• _Work instruction_
Word for word, copy the data that follows and skip its pictures.
======== Recorded data
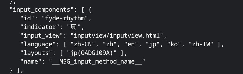 - 是不是修改输入法会好呢?想到了fydeos开源的真文韵输入法,于是下载了一份到本地,看到manifest.json中的input_components部分有一个
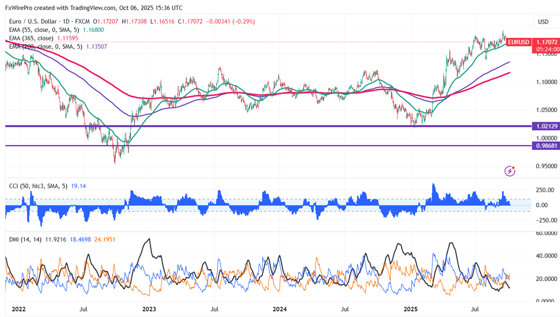 The pair is holding above the 55 EMA, 200 EMA, and 365 EMA in the 4-hour chart. Near-term resistance is seen at 1.17650; a break above this may push the pair to targets of 1.1800/1.1835/1.1850/1.1920. On the downside, support is seen at 1.1640; any violation below will drag the pair to 1.15750/1.1545/1.1480/1.1435.
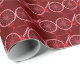 This wrapping paper for the Christmas holiday season has a pattern of red bicycles with red and white candy cane stripes on the frame. The background is dark maroon red. Great for gifts for your cycling friends.
================
• _Written solution_
 - 是不是修改输入法会好呢?想到了fydeos开源的真文韵输入法,于是下载了一份到本地,看到manifest.json中的input_components部分有一个
 The pair is holding above the 55 EMA, 200 EMA, and 365 EMA in the 4-hour chart. Near-term resistance is seen at 1.17650; a break above this may push the pair to targets of 1.1800/1.1835/1.1850/1.1920. On the downside, support is seen at 1.1640; any violation below will drag the pair to 1.15750/1.1545/1.1480/1.1435.
 This wrapping paper for the Christmas holiday season has a pattern of red bicycles with red and white candy cane stripes on the frame. The background is dark maroon red. Great for gifts for your cycling friends.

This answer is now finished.